= List of Canadian retail closures (21st century) =

Throughout the 21st century, retail businesses in Canada have felt the pressures of foreign store expansions into the country, as well as a shift towards online retail. As a result, closures have been a mix of stores unique to the nation, as well as newcomers like Target Canada.

== List of retailers ==

| Name | Type | Date announced | Locations affected | Situation | Sources |
|---|---|---|---|---|---|
| Addition Elle | clothing | June 2020 | 77 | Part of a larger restructuring of its owner, Reitmans. The company owns another plus-size retailer, Penningtons. |  |
| Agnew-Surpass | shoes | August 2000 | 223 | Bankruptcy |  |
| Best Buy | Electronics and Home Appliances | January 31, 2013 | 7 |  |  |
| Bath & Body Works | bath | May 2020 | 1 | Described as "rightsizing", it was part of a larger closure by L Brands. |  |
| Bentley Leathers | accessories | December 2019 | 90 |  |  |
| Bose | audio | January 2020 | 3 |  |  |
| The Bombay Company | home | January 2019 | - | Insolvency of owner Fluid Brands Inc |  |
| Bowring | home | January 2019 | - | Insolvency of owner Fluid Brands Inc |  |
| Bryan's | clothing | 2009 | 27 | Fell victim to the Great Recession |  |
| Claire's | accessories | February 2009 | 9 |  |  |
| DavidsTea | food | July 2020 | 82 | COVID-19 impacts. |  |
| Future Shop | electronics | January 2013 | 8 |  |  |
| Future Shop | electronics | 2014–2015 | 8+ | Including Boucherville, Greenfield Park, Montreal, Ottawa, Regina, Kingston, New Minas, and New Glasgow. |  |
| Future Shop | electronics | March 2015 | 66 | The other 65 locations were rebranded as Best Buy. |  |
| GameStop Canada | gaming | 2020–2021 | 2 |  |  |
| Gymboree | kids' clothing | January 2019 | 49 |  |  |
| HMV | music | 2017 | 97 | Debt and declining sales.
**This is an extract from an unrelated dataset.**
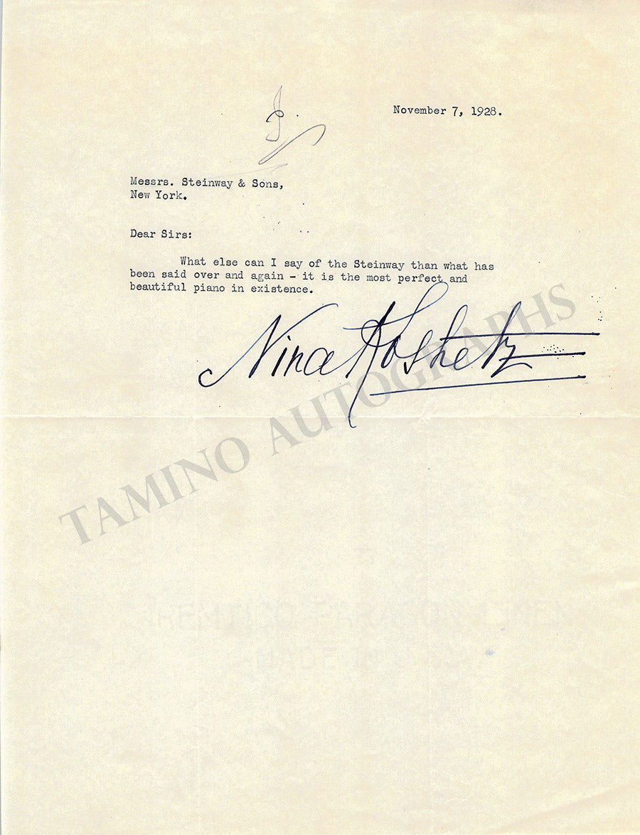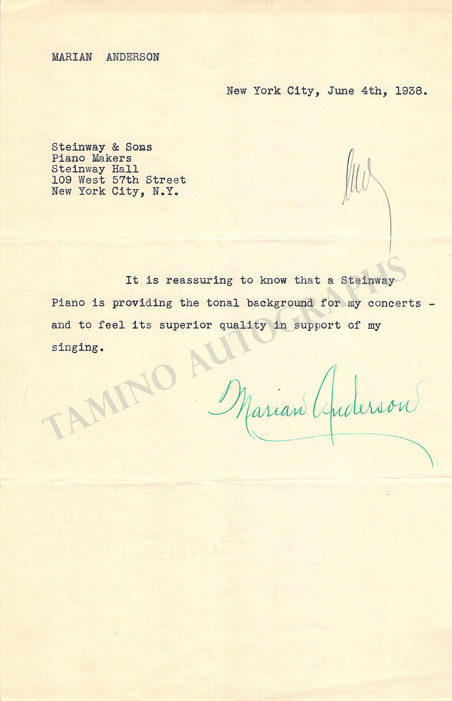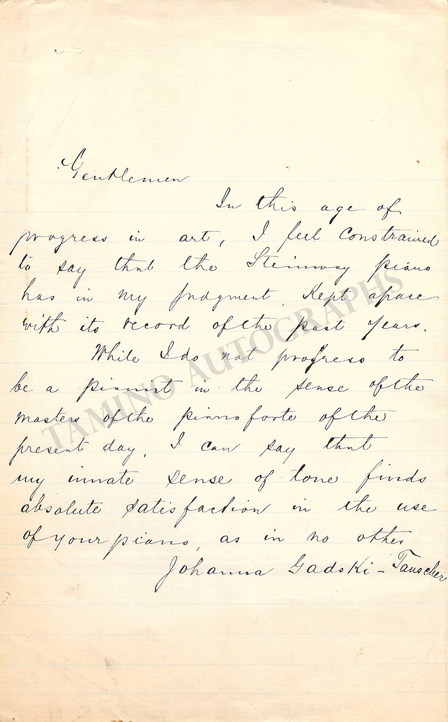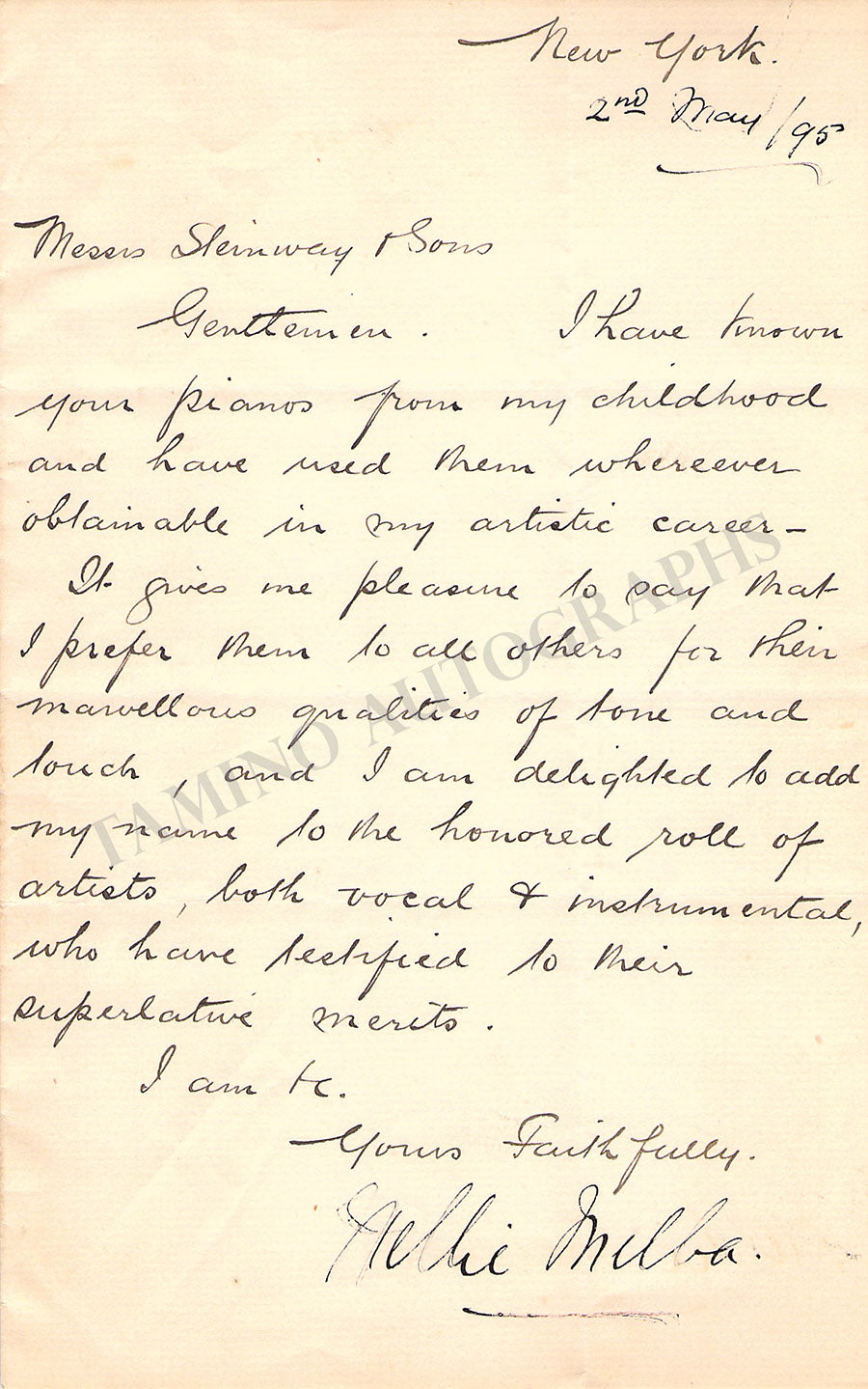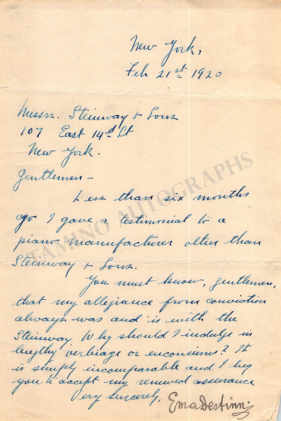 Opera Singers Autograph Letters to Steinway & Sons Pianos

Sunrise Records purchased 70 of the leases, reopening the stores under their own brand. |  |
| Holt Renfrew | department | August 2014 | 3 | Locations in Ottawa, Quebec City, and Winnipeg |  |
| Holt Renfrew | department | May 2019 | 1 | Retailer had a downtown Edmonton store since 1950. |  |
| Hudson's Bay Company | department | May 2020/ June 2025 | 1/ 96 | Closure of a 207-year-old location/ Closure of remaining 96 stores due to Bankruptcy (1B$ in debt). |  |
| Lowe's Canada | department | December 2023 | - |  |  |
| Jean Machine | clothing | November 2018 | 24 | Remaining stores. |  |
| Mariposa | clothing | September 2008 |  | Bankruptcy due to the 2008 financial crisis |  |
| Nando's | restaurant | May 2020 | 21 | After closures, the chain had 27 locations open across Canada. |  |
| Nordstrom | department | March 2023 | 6 |  |  |
| Pier 1 Imports | Home goods | February 2020 | 67 | Bankruptcy |  |
| Sears Canada | department | June 2017 | 59 |  |  |
| Sears Canada | department | October 2017 | 74 |  |  |
| Sears Home | home | October 2017 | 8 |  |  |
| Sears Hometown | department | October 2017 | 49 |  |  |
| Staples | Office supplies and Electronics | 2014 | 15 | move to online sales |  |
| Stokes | Home goods | February 2020 | 40 | Bankruptcy |  |
| Thyme Maternity | clothing | June 2020 | 54 | Part of a larger restructuring of its owner, Reitmans. |  |
| Town Shoes | shoes | August 2018 | 38 | Citing competition. |  |
| Victoria's Secret | lingerie | May 2020 | 13 | Rightsizing |  |
| Williams Sonoma | kitchen | November 2019 | 2 | Both locations in Montreal. |  |
| Walmart | Department | 2021 | 3 in ON, 2 in AB, 1 in NL | due to low sales |  |
| Zellers | liquidation | 2011–2013 | 189 | Target acquires the leases of 189 Zellers stores, most of which it would convert into their own stores. Zellers would continue as a chain in 64 smaller communities. |  |
| Zellers | liquidation | 2012 | 64 | HBC announces that it would not continue the Zellers brand in smaller communities. |  |
| Zellers | liquidation | 2020 | 2 | The final locations served as liquidation stores for Hudson's Bay. |  |

The final two Overwaitea Foods stores were closed in 2018; these locations reopened as Save-On-Foods.